Four shots, expertly placed. A perfectly timed getaway car. Nearby security cameras turned off “for repair.”

The murder of prominent Russian opposition leader Boris Nemtsov, say CIA veterans, many with long experience in Moscow, was obviously a professional job, inspired, if not explicitly ordered, by Russian President Vladimir Putin.

Putin’s allies and Russian-controlled media, rejecting any state hand in the affair, have floated a variety of alternate villains responsible for the murder of Nemtsov, a former deputy prime minister and an outspoken critic of Russia’s annexation of Crimea. They range from fellow reformers who wanted to create “a martyr” to personal rivals to “fascists” in Ukraine.

CIA veterans with long experience with Russia were having none of it. Nearly all spoke only on terms of anonymity to discuss such sensitive issues.

“Clearly the Putin government either ordered this, or accepted it, as in the case of Thomas Becket – ‘Will no one rid me of this turbulent priest?’” says one former top CIA operative, alluding to the plea attributed to Henry II, England’s 12th-century monarch, for someone to kill the archbishop of Canterbury.

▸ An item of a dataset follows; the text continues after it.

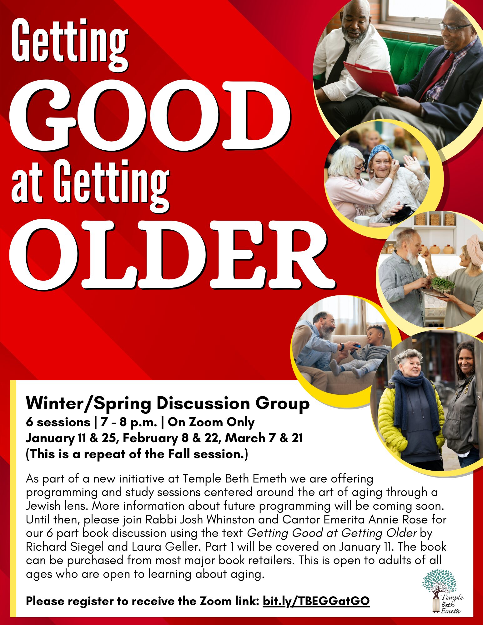 As part of a new initiative at Temple Beth Emeth we are offering programming and study sessions centered around the art of aging through a Jewish lens. More information about future programming will be coming soon. Until then, please join us for our 6 part book discussion using the text Getting Good at Getting Older by Richard Siegel and Laura Geller. The book can be purchased from most major book retailers. This is open to adults of all ages who are open to learning about aging.

The absence of any nearby close-circuit video recordings of Nemtsov’s murder, which occurred just a few hundreds yards outside a Kremlin wall just after midnight on Friday, Feb. 28, also suggests official complicity in the crime, he and other CIA veterans say.

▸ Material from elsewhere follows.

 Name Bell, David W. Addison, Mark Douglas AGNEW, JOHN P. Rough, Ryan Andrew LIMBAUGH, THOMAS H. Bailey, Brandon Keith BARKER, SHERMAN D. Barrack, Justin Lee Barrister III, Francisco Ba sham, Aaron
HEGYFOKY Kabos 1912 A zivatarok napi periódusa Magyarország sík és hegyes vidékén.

Government-controlled media has said that all the nearby security cameras were turned off for repairs or pointed the wrong way when Nemtsov was killed by a lone gunman, who then jumped into a passing car and sped off.

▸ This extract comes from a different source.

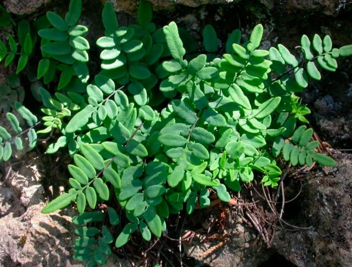 Таке рослина має досить ефектним зовнішнім виглядом. Стебла у висоту досягають до 0,35 м. Листя формується на оголених пагонах темно-коричневого кольору. Вид потребує великої кількості світла і відрізняється високою морозостійкістю.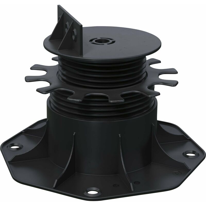 Con l'attacco standard, il cuscinetto della terrazza fornisce una superficie di appoggio per ogni profilo di sottostruttura. Avvitare la sottostruttura alla barra laterale garantisce una presa sicura e, grazie alla doppia filettatura, consente una comoda regolazione dell'altezza che si ottiene con una semplice rotazione sinistra/destra.

Only a grainy, long distance video of the murder, taken from a close circuit security camera far across the Moscow river has surfaced, on city-owned Channel 3. The scene was further obscured by a snow-removal truck that stopped near the 55-year-old Nemtsov, who was walking across the Great Moskvoretsky Bridge with his 23-year-old girlfriend, Ukrainian model Anna Duritskaya. She was not injured in the shooting.

The  area is usually swarming with military and police personnel, says former Deputy CIA Director John McLaughlin. “This part of Moscow, the vicinity of Red Square, is undoubtedly crawling with security personnel, so it's hard to believe that this single grainy video is the primary piece of forensic data available to the authorities,” he says.

The Russians also possess cutting-edge facial recognition technology—the better to identify anti-government protesters, who are under constant surveillance, one of the former operative says. “If I were to hazard a guess, the Putin government figured that no one would believe that no video records existed—so they pawned off this low quality one as the only one available but not good enough for identification purposes.”

“[T]here must be hundreds of CCTV cameras covering every yard of Kremlin perimeter,” says another former CIA operative, who had extensive experience dodging Russian counterspies during the Putin era. “There are probably multiple control rooms covering different sectors. It's preposterous that all of them would be off for repairs at the same time.”

Colin Thompson, a top, Cold War-era CIA Russian expert, agrees with the the cover-up narrative. “The Russian government probably is suppressing any film it has of the incident and can argue that the films are potential evidence and thus not releasable to the public,” he tells Newsweek. “Unfortunately, [it’s] a legitimate position. Not that Putin needs one.”  A CIA spokesman declined "any guidance or comment” on the Nemtsov affair.

“The grainy footage of what they say is the moment of the attack,” one of the former operatives adds, “is interesting.

“Several pundits pointed out that the snow-removal truck with the flashing light blocked the view of the camera across the river. I sort of think it would be hard to figure out the exact angle to block a single camera. My speculation”—and only speculation, he underscores—“is the truck instead provided general screening from the street; it would additionally serve to distract Nemtsov and his girlfriend; and, importantly, create a lot of engine noise to mask the footfalls of the shooter, who I understand was waiting in a stairway. There could have been a guy in the truck who additionally verified that it was Nemtsov and gave a go signal to the shooter.”

The former operative concludes, “Good timing all around.  Funny [how] the truck took off after Nemtsov was down.”

“They were obvious experts,” concurs a former CIA operative who still teaches counter-surveillance techniques to Moscow-bound agency officers. “An amateur,” he says, would have sprayed the couple with submachine gun fire.

“What were they doing walking home like that?” wonders one of the former CIA operatives. “The girl was lucky to survive. Was she really his girlfriend?  Maybe she was a sparrow”—a spy trained to seduce targets. “All speculation on my part,” he adds.

“It is quite possible more footage will appear,” says Jack Devine, a former longtime CIA clandestine services officer. But it’s not likely to come from official channels, says Milt Bearden, who directed the CIA’s clandestine operations against the Soviet Union between 1989 and 1992, “unless it supports a story they’re putting out. Better get used to the video we have.”

Undoubtedly, “the grainy video” will be endlessly studied and picked apart in the ensuing weeks and months—maybe even years, especially if no other video or other evidence surfaces. It is, Bearden says, “a sort of Moscow version of the Zapruder film.”